Each line below that includes the word "Rail" is to be reported.

──────── TASK INPUT ────────

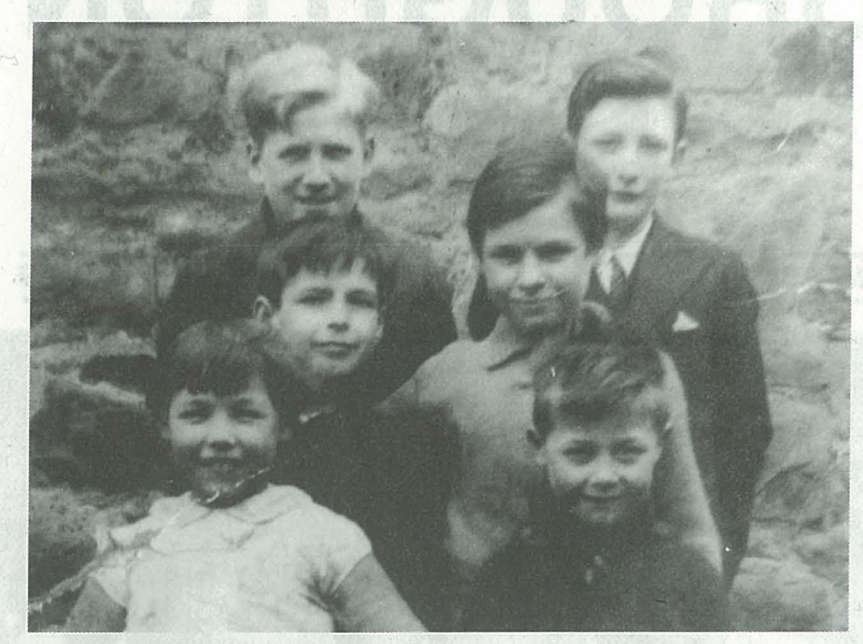
Broughton Court children
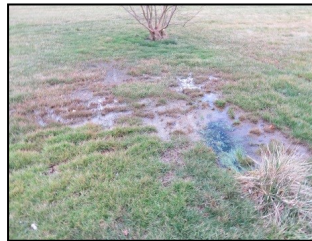
Sump discharge causing ponding, soggy conditions in a residential backyard off Old Baltimore Pike.
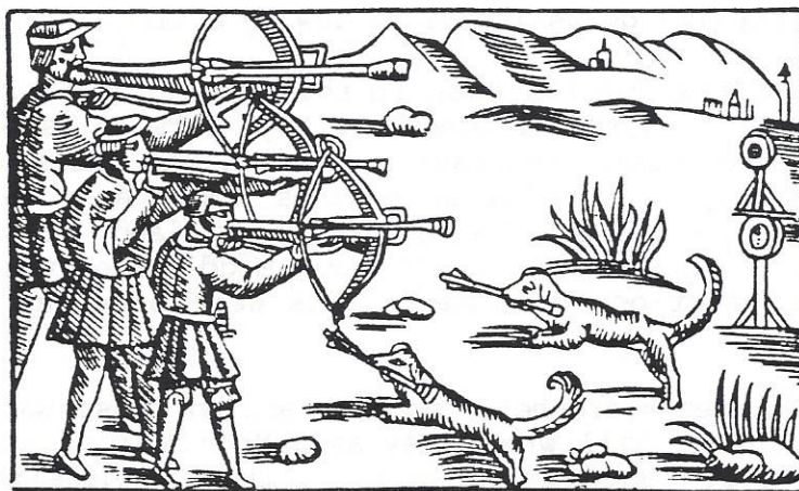
FIG. 15.—CROSSBOWMEN PRACTISING AT THE TARGET.

Their dogs are retrieving the arrows, and were trained to do this without injuring the feathers of the missiles.
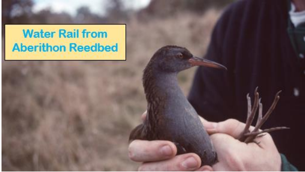
Water Rail from Aberithon Reedbed

Dr Fred Slater updates us on the Aberithon project: All was going to plan until the winter rains put a stop to path making, but fencing, laying the last of the big heap of stones and getting some “rustic” seats and a picnic bench in place are now again
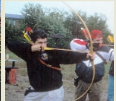
Archers practicing at Ranger Road
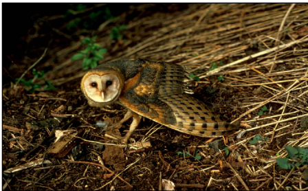
Barn Owl ( Tyto alba )

Birds of prey, such as hawks and owls, can be useful in controlling rodents and other small mammals. Among the many species of owls, the barn owl is the most helpful to farmers. A family of barn owls may consume more than 1,000 small mammals during a nesting season. Barn owls hunt at night and lay their eggs in hollow trees, crevices in cliffs, and holes in sandbanks. They also like to live in abandoned buildings, granaries or barns. They are fairly easy to attract by installing nest boxes.
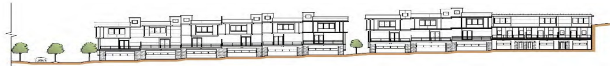
2 REAR ELEVATION 1/16"=1'-0"
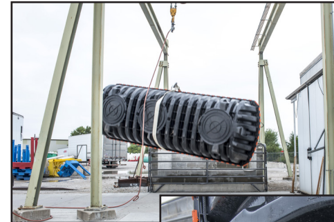
Tank cracked, clips on seam were dislodged.

Disadvantage: Assembly error or part failure can cause tank to fail
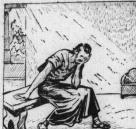
When one is troubled in mind, worried over a problem that seems unsolvable, think of the Psalmist's words, "Be still and know that I am God," and take comfort.

Scripture—Psalm 46:10; Isaiah 40:30, 31; Luke 11:1-13; Philippians 4:6-7; Hebrews 1:14-16.
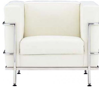
Armchair B No. C-004 CODE : 1062081 Rental fee : 40,000 JPY Size : W900 x D820 x H725 (SH420) Material : Synthetic leather, Color: White
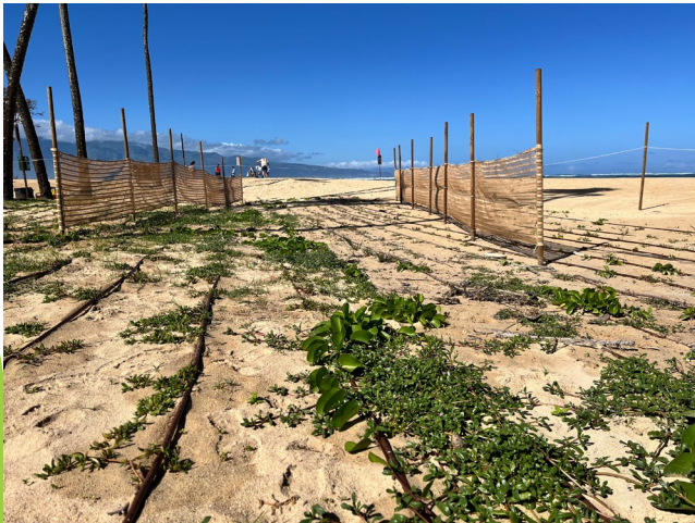
Baldwin Beach Park Dune Restoration
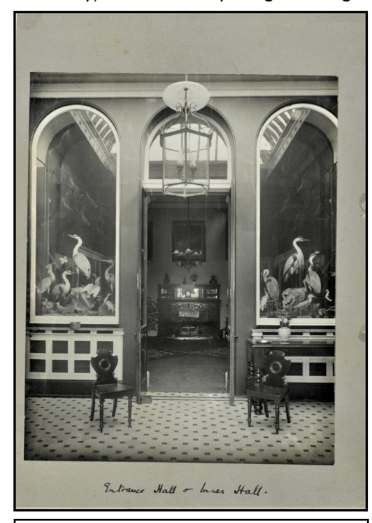
Figure 1. A photograph dating from c.1910 of the doorway between the main entrance hall and the inner hall at Edenhall, showing two displays of taxidermy birds, many of which appear to be either herons, egrets or bitterns (see also comments in text).

The catalogue provides limited information on the original style of the collection. However, the various different categories of the catalogue (described above) indicate that they were all initially mounted (apart from one, the Pine Marten Martes martes (Linnaeus, 1758), for which information is wanting (Museum records indicate that the specimen was reduced to a skull). Furthermore, the final section of the catalogue, provides a list of specimens which were essentially in cases, which number 65 of the specimens. Some of the specimens including herons, were cased on either side of the inner doorway in the Edenhall entrance hall, forming a fine decoration to the elegant mansion (Fig. 1). This shows two displays of taxidermy birds, many of which appear to be either herons, egrets or bitterns (Ardeidae). Of the seven larger birds depicted, at least five show characteristics of Grey Herons Ardea cinerea Linnaeus, 1758, a sixth (the upper bird on the right of the display to the left of the doorway) has the darker plumage and long,
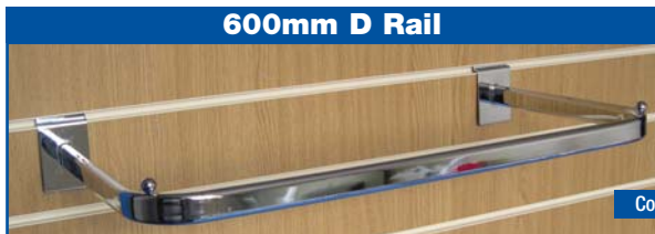
600mm D Rail
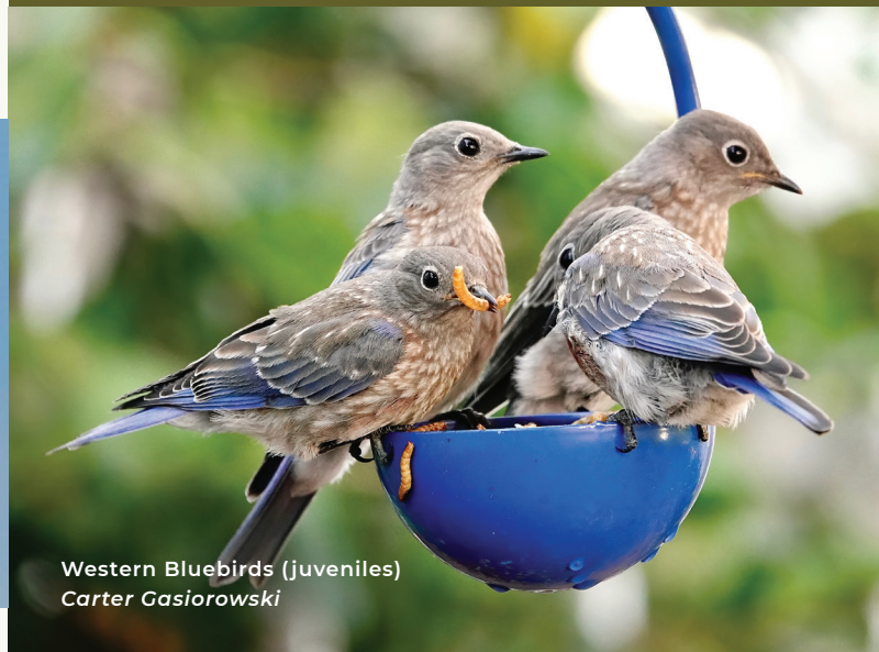
Western Bluebirds (juveniles) Carter Gasiorowski
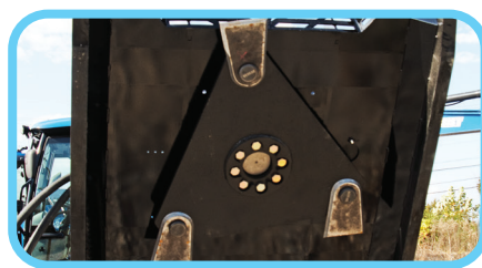
Three double-sided blades on a 3/4" thick blade carrier

────────

[FINAL ANSWER]
Water Rail from Aberithon Reedbed
600mm D Rail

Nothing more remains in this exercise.